[Opening Data section]

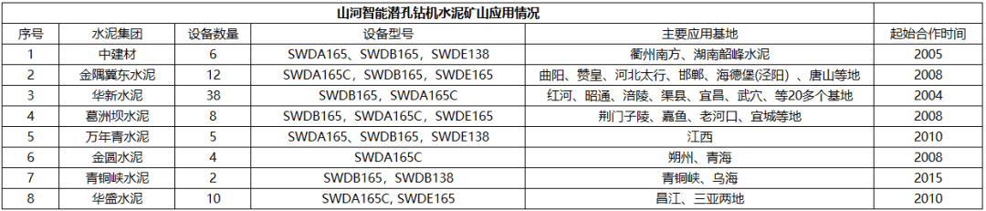 為積極應對市場變化,多家水泥企業(yè)主動轉(zhuǎn)變發(fā)展方式,其中,中建材、金隅冀東、華新、葛洲壩等水泥集團從鉆孔爆破、礦山開采等方面著手,選用國內(nèi)鑿巖鉆機“領跑者”——山河智能裝備股份有限公司(以下簡稱“山河智能”)的鑿巖設備,在環(huán)保、智能、提效等方面均取得了有力的突破。
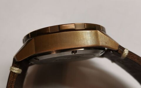 A tiéd körül látszik a bronz. Ez jó megoldás. Nagyon szép óra! -
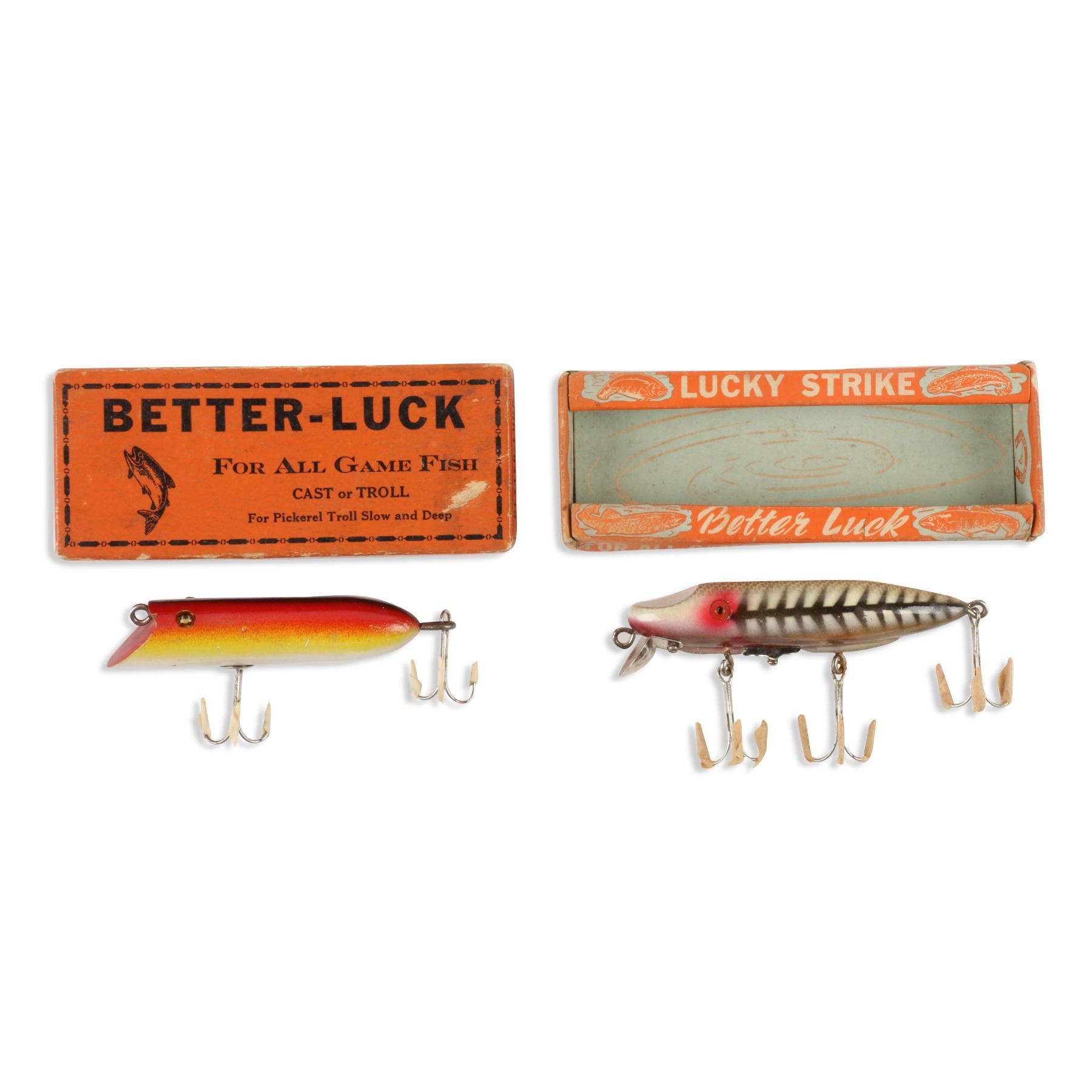 Lucky Strike Bait Works, Canada. 1940s. Material: Mixed. Quantity: 2. Grade: VG. 5.25" boxes. Est. $125-150.
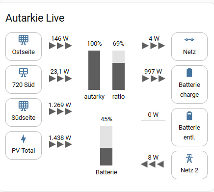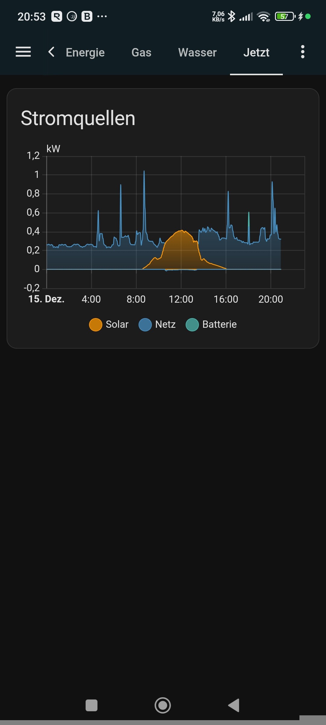 Ich habe heute ein die neuen Möglichkeiten des Energie Dashboard ausprobiert. Finde ich nice. Auch wenn in der Grafik, der aus dem Hausstromnetz in den Akku gepufferte Strom, fehlt. Der BKW Speicher war fĂŒr HA unerreichbar. Ursache unbekannt. Die HA Integration kommt von einem Drittanbieter, Solakon, der Speicher selbst von Tepto. Beides Distributoren. Bis auf Kleinigkeiten sind die Speicher Baugleich. Mein Verdacht ist das die Cloudsoftware von Foxx (Hersteller) und die lokale Schnittstelle ĂŒber Modbus sich nicht vertragen. Ist aber nur ein BauchgefĂŒhl.
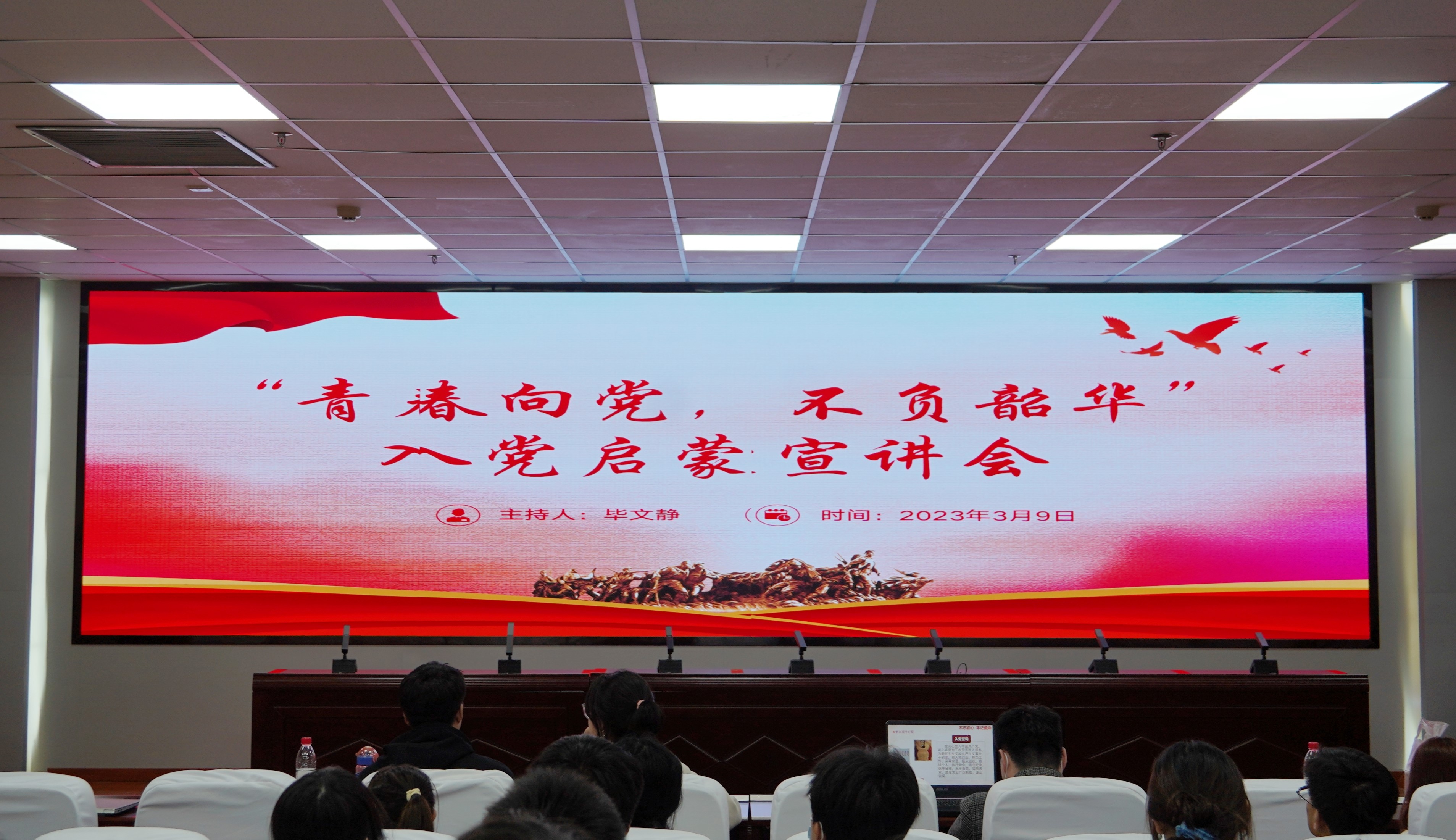 3月9日晚,beat365在线官网入口(西部发展研究院)“青春向党,不负韶华”入党启蒙宣讲会于贺兰山校区文荟楼316室顺利举行。经济学本科生党支部、会计学本科生党支部代表,团委组织部代表和2022级全体本科生参加本次会议。本次会议由会计学党支部代表毕文静主持。
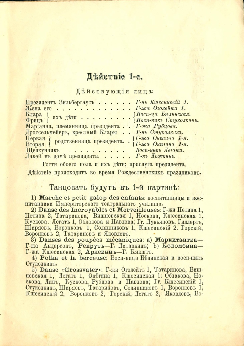 Особенное возмущение у всех вызывали исполнители главных ролей, которые были еще студентами балетного отделения Петербургского театрального училища. Партию Мари исполнила Станислава Белинская, а Щелкунчика — Сергей Легат. Легату было 17 лет, а Белинской — всего 12. Критики живо интересовались, когда на сцену выведут пятилеток.
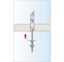 Chevilles à corps creux galvanisées en métal avec battant à soufflet, barre filetée, une grande et une petite rondelle en métal et deux écrous à six pans (SW13). Pour fixer des radiateurs, des chaudières, des lavabos, etc.. Pour un montage mural et au plafond sans autorisation. Pour les plaques de plâtre, de placoplâtre et de matériaux composites, ainsi que des pierres creuses et des plaques de béton précontraint.
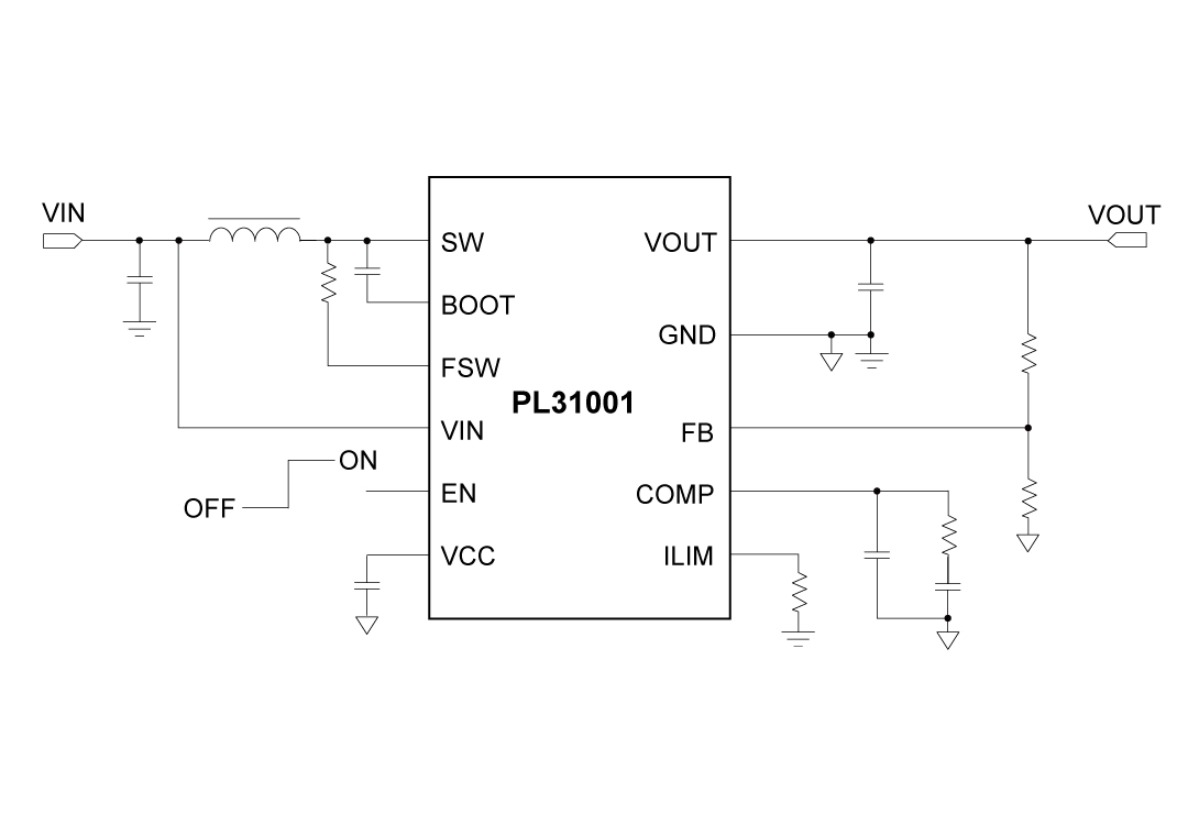 PL31001采用自适应恒定关断时间峰值电流控制拓扑结构调节输出电压。在中等到重负载条件下,PL31001以PWM模式工作。在轻载条件下,PL31001以可提升效率的脉频调制(PFM)模式工作,而PL31001仍以可避免因开关频率较低而引发应用问题的PWM模式工作。PWM模式下的开关频率可在200kHz至2.2MHz范围内调节。

[Closing Data section]

▶ [Directions] Set down the entries above again exactly, minus any image.

▶ [Written solution]
 為積極應對市場變化,多家水泥企業(yè)主動轉(zhuǎn)變發(fā)展方式,其中,中建材、金隅冀東、華新、葛洲壩等水泥集團從鉆孔爆破、礦山開采等方面著手,選用國內(nèi)鑿巖鉆機“領跑者”——山河智能裝備股份有限公司(以下簡稱“山河智能”)的鑿巖設備,在環(huán)保、智能、提效等方面均取得了有力的突破。
 A tiéd körül látszik a bronz. Ez jó megoldás. Nagyon szép óra! -
 Lucky Strike Bait Works, Canada. 1940s. Material: Mixed. Quantity: 2. Grade: VG. 5.25" boxes. Est. $125-150.
 Ich habe heute ein die neuen Möglichkeiten des Energie Dashboard ausprobiert. Finde ich nice. Auch wenn in der Grafik, der aus dem Hausstromnetz in den Akku gepufferte Strom, fehlt. Der BKW Speicher war fĂŒr HA unerreichbar. Ursache unbekannt. Die HA Integration kommt von einem Drittanbieter, Solakon, der Speicher selbst von Tepto. Beides Distributoren. Bis auf Kleinigkeiten sind die Speicher Baugleich. Mein Verdacht ist das die Cloudsoftware von Foxx (Hersteller) und die lokale Schnittstelle ĂŒber Modbus sich nicht vertragen. Ist aber nur ein BauchgefĂŒhl.
 3月9日晚,beat365在线官网入口(西部发展研究院)“青春向党,不负韶华”入党启蒙宣讲会于贺兰山校区文荟楼316室顺利举行。经济学本科生党支部、会计学本科生党支部代表,团委组织部代表和2022级全体本科生参加本次会议。本次会议由会计学党支部代表毕文静主持。
 Особенное возмущение у всех вызывали исполнители главных ролей, которые были еще студентами балетного отделения Петербургского театрального училища. Партию Мари исполнила Станислава Белинская, а Щелкунчика — Сергей Легат. Легату было 17 лет, а Белинской — всего 12. Критики живо интересовались, когда на сцену выведут пятилеток.
 Chevilles à corps creux galvanisées en métal avec battant à soufflet, barre filetée, une grande et une petite rondelle en métal et deux écrous à six pans (SW13). Pour fixer des radiateurs, des chaudières, des lavabos, etc.. Pour un montage mural et au plafond sans autorisation. Pour les plaques de plâtre, de placoplâtre et de matériaux composites, ainsi que des pierres creuses et des plaques de béton précontraint.
 PL31001采用自适应恒定关断时间峰值电流控制拓扑结构调节输出电压。在中等到重负载条件下,PL31001以PWM模式工作。在轻载条件下,PL31001以可提升效率的脉频调制(PFM)模式工作,而PL31001仍以可避免因开关频率较低而引发应用问题的PWM模式工作。PWM模式下的开关频率可在200kHz至2.2MHz范围内调节。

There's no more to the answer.